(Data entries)
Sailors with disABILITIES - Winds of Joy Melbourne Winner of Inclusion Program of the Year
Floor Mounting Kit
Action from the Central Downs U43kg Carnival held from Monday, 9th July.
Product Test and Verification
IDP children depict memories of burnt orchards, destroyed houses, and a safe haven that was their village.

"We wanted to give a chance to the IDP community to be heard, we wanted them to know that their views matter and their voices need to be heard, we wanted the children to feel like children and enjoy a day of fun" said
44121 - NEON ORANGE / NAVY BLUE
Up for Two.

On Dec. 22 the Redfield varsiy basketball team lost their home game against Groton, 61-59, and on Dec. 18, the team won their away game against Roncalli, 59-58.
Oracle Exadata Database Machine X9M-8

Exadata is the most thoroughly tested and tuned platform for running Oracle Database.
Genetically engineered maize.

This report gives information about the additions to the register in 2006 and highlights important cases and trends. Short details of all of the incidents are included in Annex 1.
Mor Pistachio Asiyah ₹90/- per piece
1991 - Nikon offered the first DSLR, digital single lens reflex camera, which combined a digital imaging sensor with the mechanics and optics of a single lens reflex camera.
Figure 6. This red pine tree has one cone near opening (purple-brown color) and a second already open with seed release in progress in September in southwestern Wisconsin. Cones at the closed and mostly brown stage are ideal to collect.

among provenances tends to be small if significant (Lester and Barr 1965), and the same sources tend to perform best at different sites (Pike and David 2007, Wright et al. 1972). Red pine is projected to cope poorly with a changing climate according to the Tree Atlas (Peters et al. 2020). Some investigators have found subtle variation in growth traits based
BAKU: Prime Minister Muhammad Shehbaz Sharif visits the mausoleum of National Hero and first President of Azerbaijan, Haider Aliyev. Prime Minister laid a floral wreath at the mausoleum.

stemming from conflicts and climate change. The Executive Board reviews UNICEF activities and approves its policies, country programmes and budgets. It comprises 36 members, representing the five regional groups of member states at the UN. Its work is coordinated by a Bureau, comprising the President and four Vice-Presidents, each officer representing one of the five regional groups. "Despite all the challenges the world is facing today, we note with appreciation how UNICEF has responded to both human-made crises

*DIRECTIONS:* Where does the word "their" appear in the records above? Return every line that holds it.

*ANSWER TO THIS EXERCISE:*
IDP children depict memories of burnt orchards, destroyed houses, and a safe haven that was their village.
"We wanted to give a chance to the IDP community to be heard, we wanted them to know that their views matter and their voices need to be heard, we wanted the children to feel like children and enjoy a day of fun" said
On Dec. 22 the Redfield varsiy basketball team lost their home game against Groton, 61-59, and on Dec. 18, the team won their away game against Roncalli, 59-58.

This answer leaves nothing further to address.